Concerns have been raised that standardization and professionalization of the role might jeopardize the special components of peer support that speak to lived experience, despite the potential benefits, including expansion of peer roles, greater capacity to serve people in need, and paid employment.

The authors advocate for more rigorous research to help establish the efficacy of peer support, and which peer support interventions may provide the most benefit.

 

Journal Article

Emerging Roles for Peer Providers in Mental Health and Substance Use Disorders

The results of this study were published in a special issue of the American Journal of Preventative Medicine in May 2018.

Chapman, SA, Blash, LK, Mayer, K, Spetz, J. Emerging Roles for Peer Providers in Mental Health and Substance Use Disorders.
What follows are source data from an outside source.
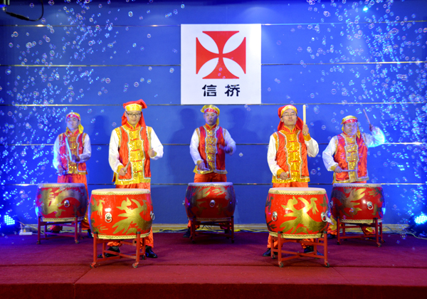 晚會(huì)在開(kāi)場(chǎng)鼓中拉開(kāi)序幕,高亢的歌曲,精彩的反串表演,激情的笛子獨(dú)奏等節(jié)目,特別是“信橋之歌”展現(xiàn)了信橋人積極奮進(jìn)的精神風(fēng)貌。周年慶的創(chuàng)意蛋糕上“專業(yè)”“做精”也展現(xiàn)了信橋公司的市場(chǎng)經(jīng)營(yíng)理念。
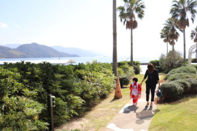 広島なだ万の人気の理由のひとつが、お店のどの席からも一望できる絶景。もちろん、個室の大きな窓からも、きれいな海が見渡せます。「お船だ~」「宮島が見えるね」とくみちゃんもママも興味津々!
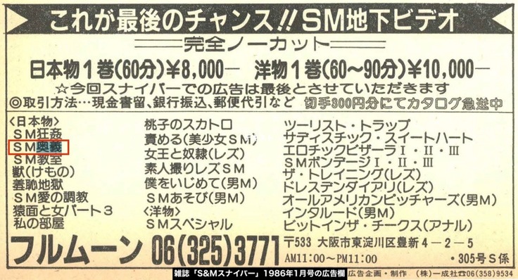 ・雑誌「S&Mスナイパー」1986年1月号に掲載されていた広告
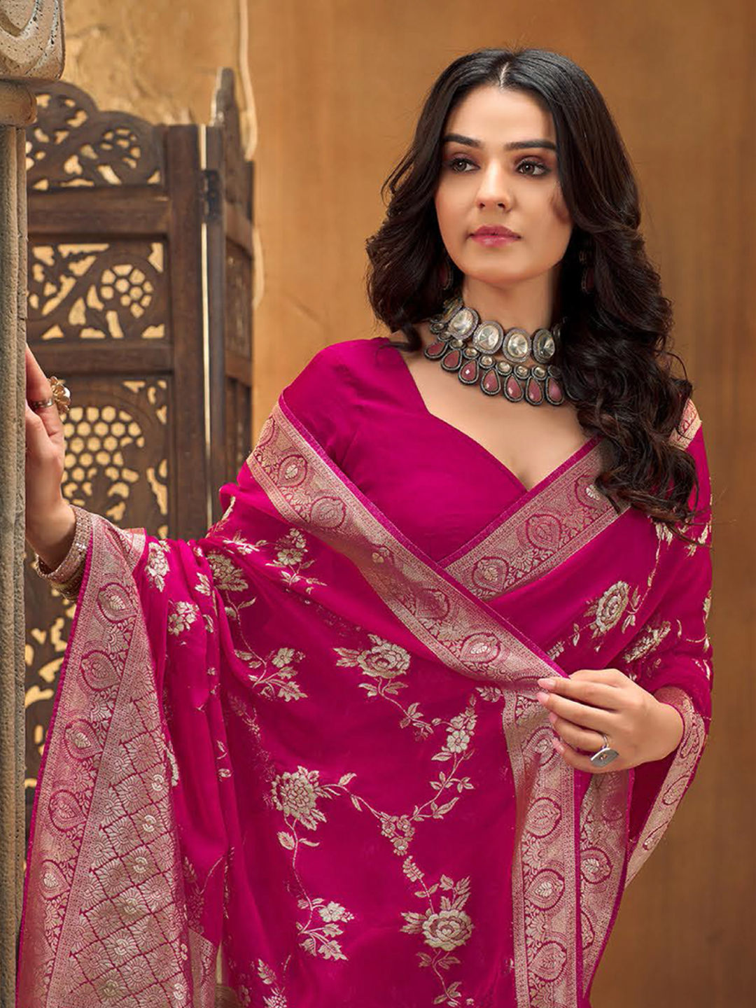 in Pink and Majenta with Weaving work
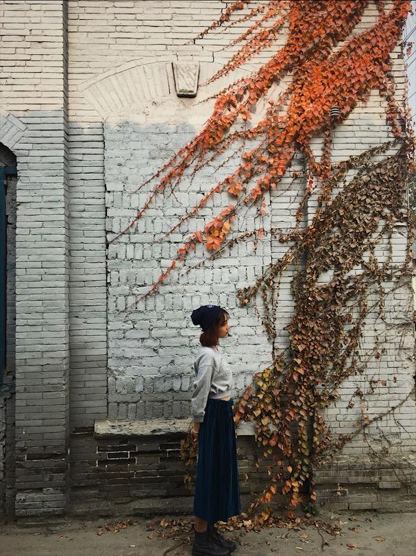 朱紅色的墻體能將膚色抬高好幾個度!!!而且行道的法國梧桐跟墻體共同營造出溫暖的氛圍,讓時光和陽光都變得很溫柔。(我這個豬精女孩變得溫柔又幼稚)

Am J Prev Med 2018; 54(6S3): S267–S274.
 

Abstract

Introduction
The purpose of this study was to identify and assess states with best practices in peer provider workforce development and employment. A growing body of research demonstrates that peer providers with lived experience contribute positively to the treatment and recovery of individuals with behavioral health needs. Increased employment opportunities have led to policy concerns about training, certification, roles, and reimbursement for peer provider services.

Methods
A case study approach included a national panel of subject matter experts who suggested best practice states. Researchers conducted 3- to 5-day site visits in four states: Arizona, Georgia, Texas, and Pennsylvania. Data collection included document review and interviews with state policymakers, directors of training and certification bodies, peer providers, and other staff in mental health and substance use treatment and recovery organizations. Data collection and analysis were performed in 2015.

Results
Peer providers work in a variety of settings, including psychiatric hospitals, clinics, jails and prisons, and supportive housing. A favorable policy environment along with individual champions and consumer advocacy organizations were positively associated with robust programs. Medicaid billing for peer services was an essential source of revenue in both Medicaid expansion and non-expansion states. States’ peer provider training and certification requirements varied. Issues of stigma remain. Peer providers are low-wage workers with limited opportunity for career growth and may require workplace accommodations to maintain their recovery.

Conclusions
Peer providers are a rapidly growing workforce with considerable promise to help alleviate behavioral health workforce shortages by supporting consumers in attaining and maintaining long-term recovery.